Make a plot of the training and validation errors as $k$ varies from 1 to, say, 50.  

*  What is the best value of $k$?  
*  What is the error on the **test** set with the best $k$?
*  Make a plot of the decision regions (as above) with the best $k$
*  What can you say about the performance of the classifier when $k$ is too large or too small?
*  How do you think the optimum $k$ will vary if the amount of training data available is larger or smaller?  Can you test your hypothesis?

### Unstandardised data

Compare the performance of the classifier on the unstandardised data.  Why are they different?  

### Sphering

Sphere  the tremor data and plot it in the sphered coordinates. Compute the mean and covariance matrix of the sphered data: are they what you expect?


Find the classification accuracy using the sphered data.

## Classifying digits

Here you'll use the k-nn classifier to distinguish between digits.
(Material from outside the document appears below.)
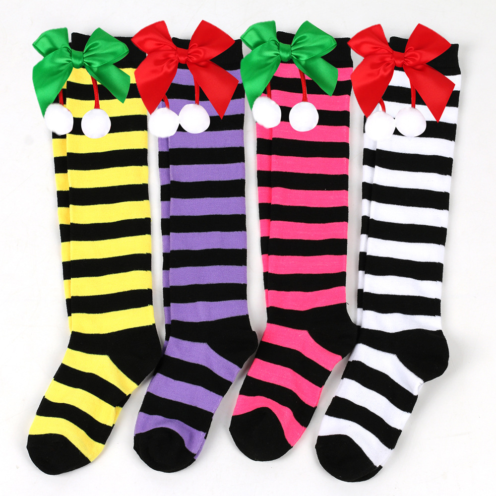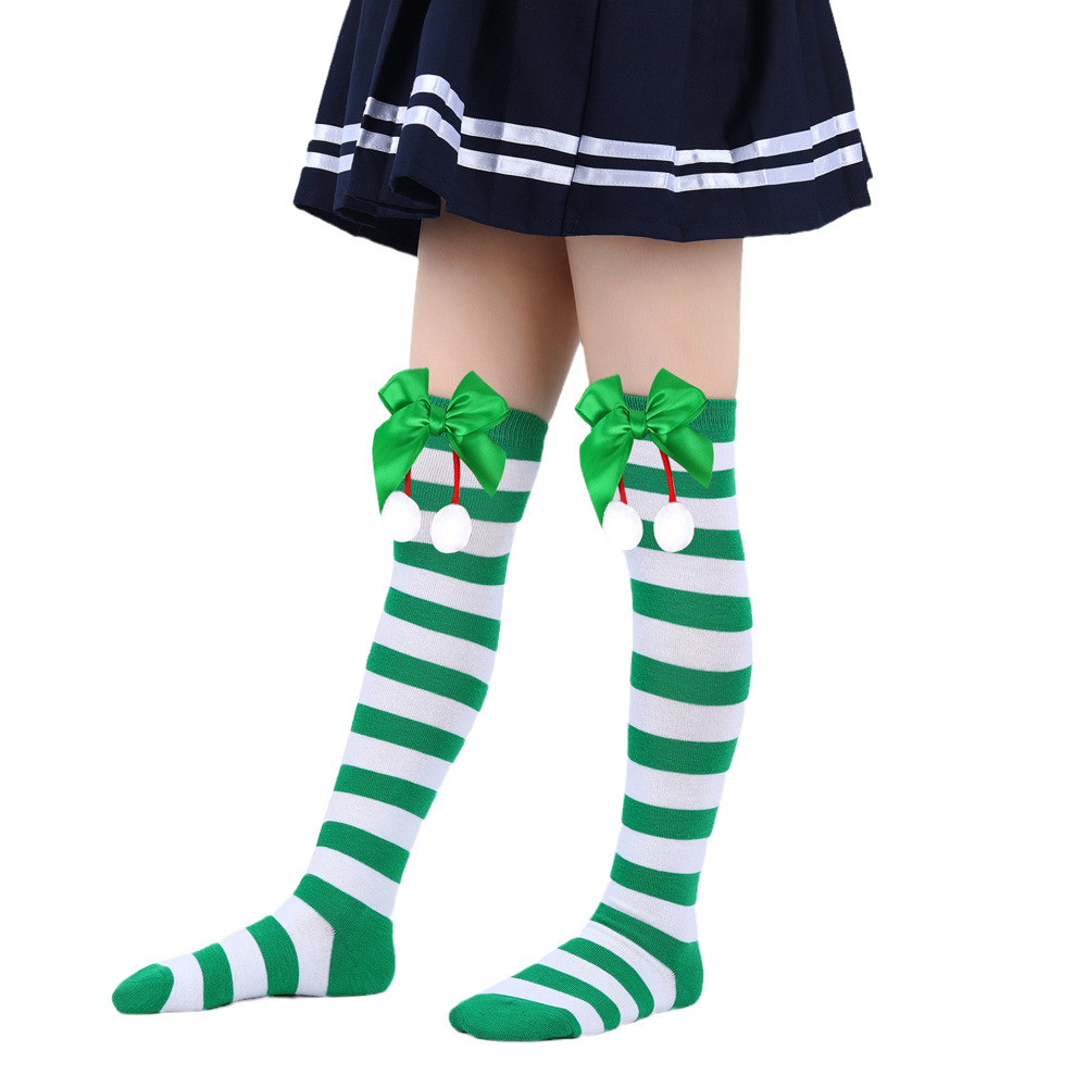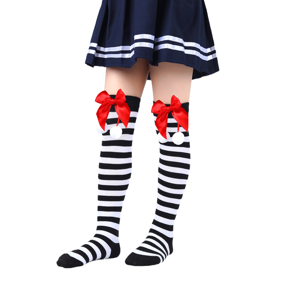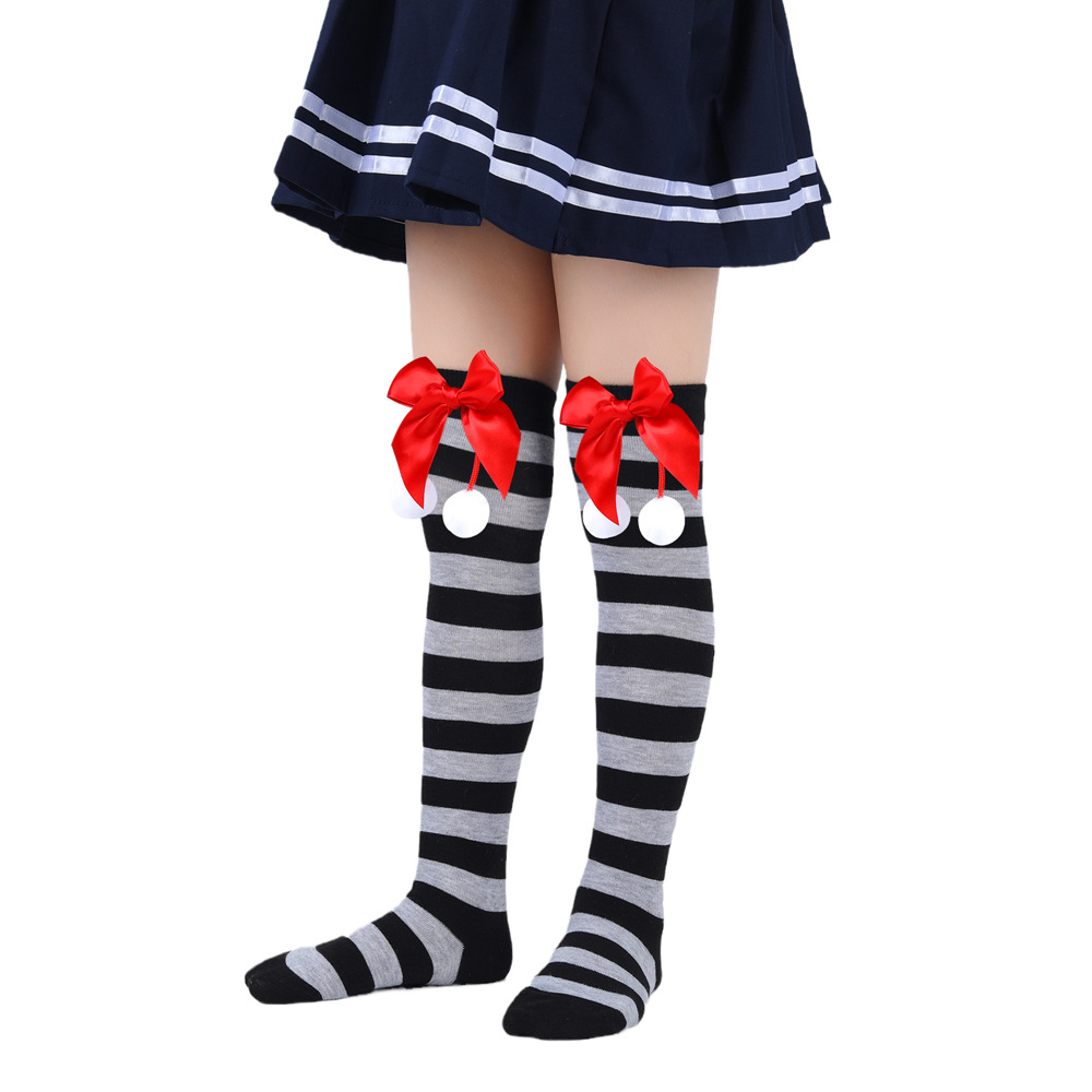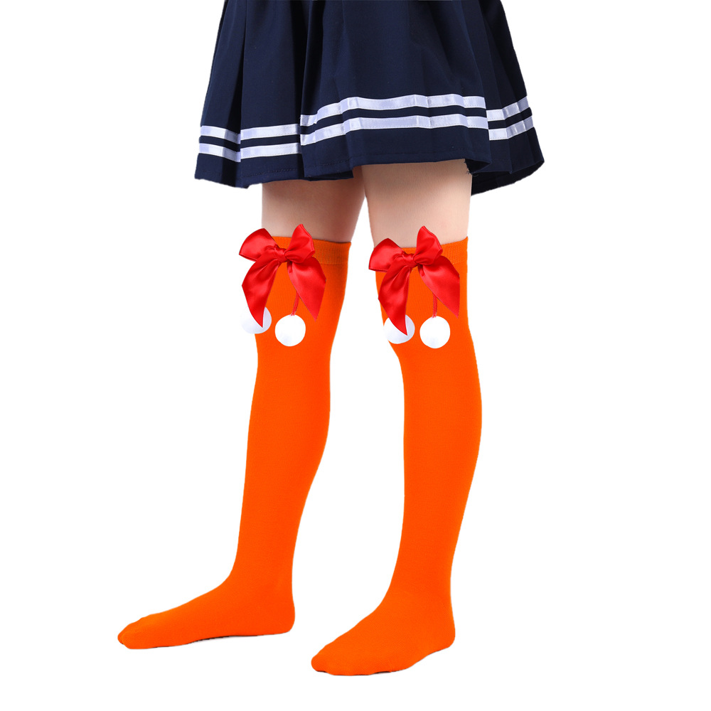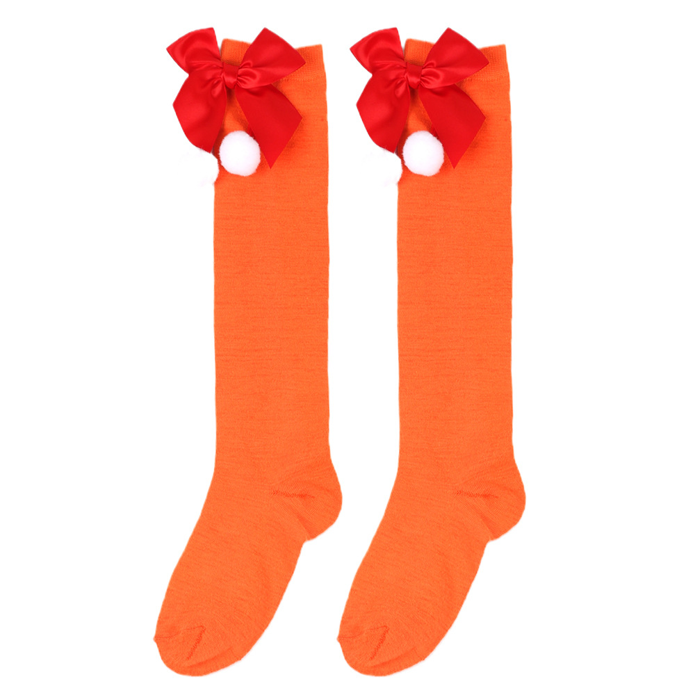 跨境儿童圣诞袜秋冬新款女童长筒袜欧美可爱蝴蝶结毛球圣诞节袜子

You can load and plot a dataset of digit images as follows (keep executing the cell to see more digits)

In [None]:
import sklearn.datasets
from numpy.random import randint
digits = sklearn.datasets.load_digits(n_class=10)
print(digits.data.shape)

# Pick a digit at random and plot it.  
# The title should be the number that is the digit from the target arrage
j = randint(digits.data.shape[0])
imshow(reshape(digits.data[j], (8,8)), cmap=cm.gray_r)
title("%d" % digits.target[j])

As you can see there are 1797 images arranged as 64-dimensional vectors. Choose two digits as the two classes that you'll use as the two classes and arrange them as a data and target matrix as follows.

In [None]:
mydigits = [0, 4]  # Choose your own!
I = np.logical_or(digits.target == mydigits[0], digits.target == mydigits[1])
X = digits.data[I,:]   # Features
# Make the targets 0 or 1 coresponding to the two classes
tmp = digits.target[I]
t = zeros(X.shape[0])
for i in (0,1):
    t[tmp == mydigits[i]] = i

In [None]:
# Check the above: the title is now the class label, 0 or 1. 
# Re-execute to check that digits are labelled consistently
j = randint(len(t))
imshow(reshape(X[j], (8,8)), cmap=cm.gray_r)
title("%d" % t[j])

### k-nn classification

Now use your k-nn classifier to classify the image vectors.  What is the accuracy?   Note that here you should (a) split your data into training and testing data and (b) use cross validation on the training data to determine the best value of $k$ before finding the accuracy on the test data.  One reasonable way of proceeding would be to split the data into equal-sized training and test sets and then use 5 or 10 fold cross validation on the training set to determine $k$.

Do the misclassified images look like the other class?